A crisis and an opportunity.
This past week I participated in a superb webinar on the impact of COVID-19 on youth sports and communities. You’ll find the results interesting and worth knowing. The four person panel was a who’s who of youth sports and the webinar was attended by 3000 sports leaders, club representatives, coaches, and others.
The sponsor, Aspen Institute, is an international nonprofit think tank founded in 1949 as a nonpartisan forum for values-based leadership and the exchange of ideas. Their sports and society segment launched Project Play on ESPN in 2017 – which focuses on helping leaders build healthy community through sports.
Project Play is backed by the US Olympic Committee, ESPN, Major League Baseball and Hockey, Center for Disease Control (CDC), American College of Sports Medicine, Nike, Under Armor, and Dick’s Sporting Goods – just to mention a few. During the last Super Bowl, maybe you saw their “Don’t Retire Kid” campaign ads, designed to make parents aware of their role in the staggering decline of youth in sports – 62% now “retire” by age 13.

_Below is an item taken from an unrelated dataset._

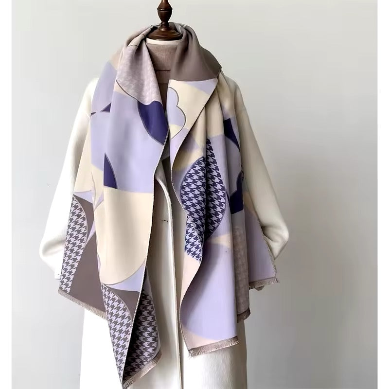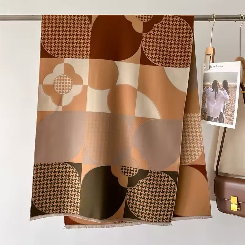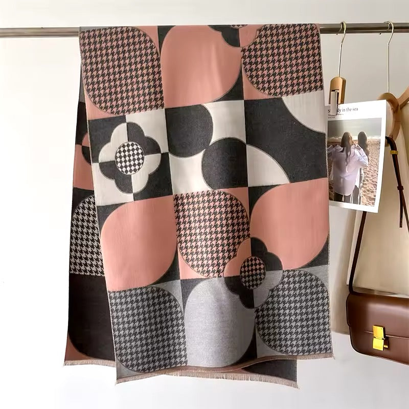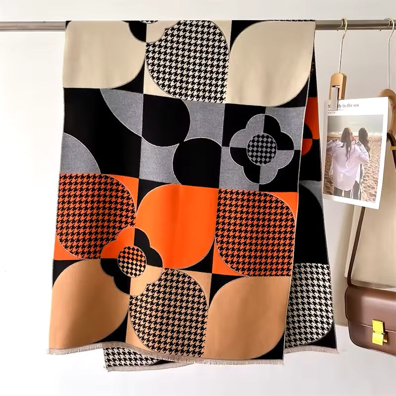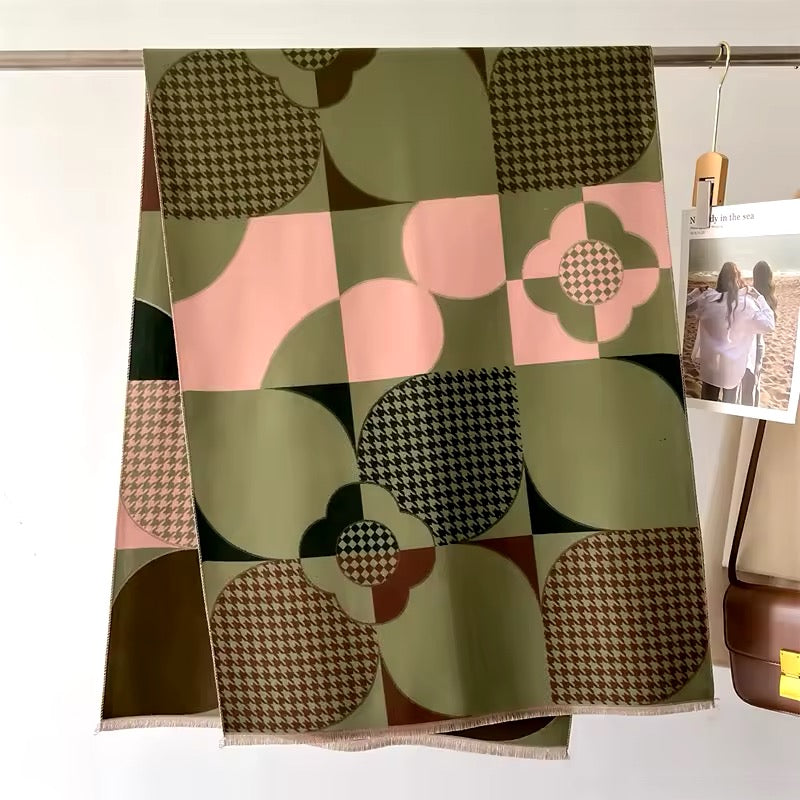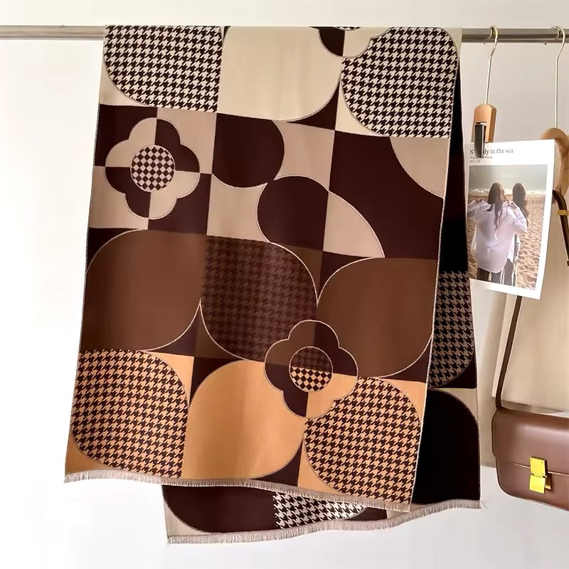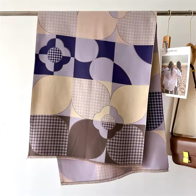 "Upgrade your scarf game with our New Luxury Floral Geometrical Cashmere touch Scarf. Made from the softest cashmere, this pashmina shawl adds a touch of warmth and elegance to any outfit. Measuring 65x180 cm, it's perfect for all seasons. The eye-catching floral design makes it a great holiday gift for your loved ones in the UK."

The opening message from the webinar is that COVID-19 is a significant emergency for youth sports for at least the rest of 2020, but there is opportunity amidst the crisis.
Before I get to the three takeaways, let’s highlight the role of youth sports in communities.
Youth sports is not just exercise or a luxury. Instead, it builds community, relationships, and habits that serve youth into adulthood. For many, it is the center of community. For some, their sports team is their lifeline and only “safe place.” Youth team sports force different social and economic groups to interact, bonding communities.
Additionally, youth sports is a dollar proposition for society. It affects the nation’s expense structure by keeping kids healthy and ingraining patterns of exercise that favor long term national health. Some of us remember the Presidential Physical Fitness Awards in public elementary schools in the 60s, 70s, and 80’s. Those date back to an initiative by President Eisenhower based on research in the 1950s that American youth fitness was in decline compared to our European counterparts. The relevant fear was lack of US draft readiness to fight Russia if needed during the Cold War. Older adults still do some of the calisthenics they learned from that program in elementary school.
Three takeaways from the webinar:
- Organized and youth sports won’t return until May at the earliest, maybe summer, and quite possibly not until the fall. Most believed that when school resumes, that’s when most parents and others will agree that it’s ok to go back to organized sports.
- When virus restrictions are lifted, we will see greater demand for organized sports, but less supply, and ironically less participation. And we may see a shift away from contact sports.
- As sport recovers, the misalignment between demand and supply could foster new models of youth sports that benefit communities, children, and families.
Kids are itching to play outside with their friends again. But sports will resume slowly, near home, with grass roots and local free play in small groups where people know and trust who their kids are with – which will overcome some of the discomfort with congregating. That will be followed by a return to recreational and local leagues. Travel leagues will be last in line.
League sports will need to up their game on sanitation protocols, and coaches will need to up their game on relationships, because some kids rely predominantly on coaches to model and parent; those kids will need better listeners to help them overcome the trauma from loss of parents and relatives in the COVID-19 battle.
Many club sports organizations will fail – many already have. There will be significant consolidation of those that survive. Millions of families who lost jobs and wealth will be priced out of club sports altogether.
There will be increased demand for recreational sports and informal “pick-up” sports in neighborhoods and local communities. While rec sports will be in higher demand, there will less supply because many rec league directors and employees have already lost their jobs and more are soon to follow.
Public funds previously available to support recreational leagues, facilities, and staff will nosedive as public money will be redirected almost exclusively toward “getting the economy rolling again.” Community and public leaders will continue to lack understanding of the economic value proposition of youth sports and continued good health, putting many programs on the chopping block.
Yet it’s not all negative! Local pick-up play is expected to return to the glory days shortly, because parents will be ok with their kids playing with their friends; plus it’s cheap, easy, and nearby. Pricing out of some families will cause demand for new models that allow access without $3,000 club fees. Once rec sports recovers, it will thrive along with local leagues. Club sports is expected to recover to about 75% by the fall.
There will be increased pressure to return sports to elementary schools and middle schools – which is where youth sports was born in this country in the 1920s.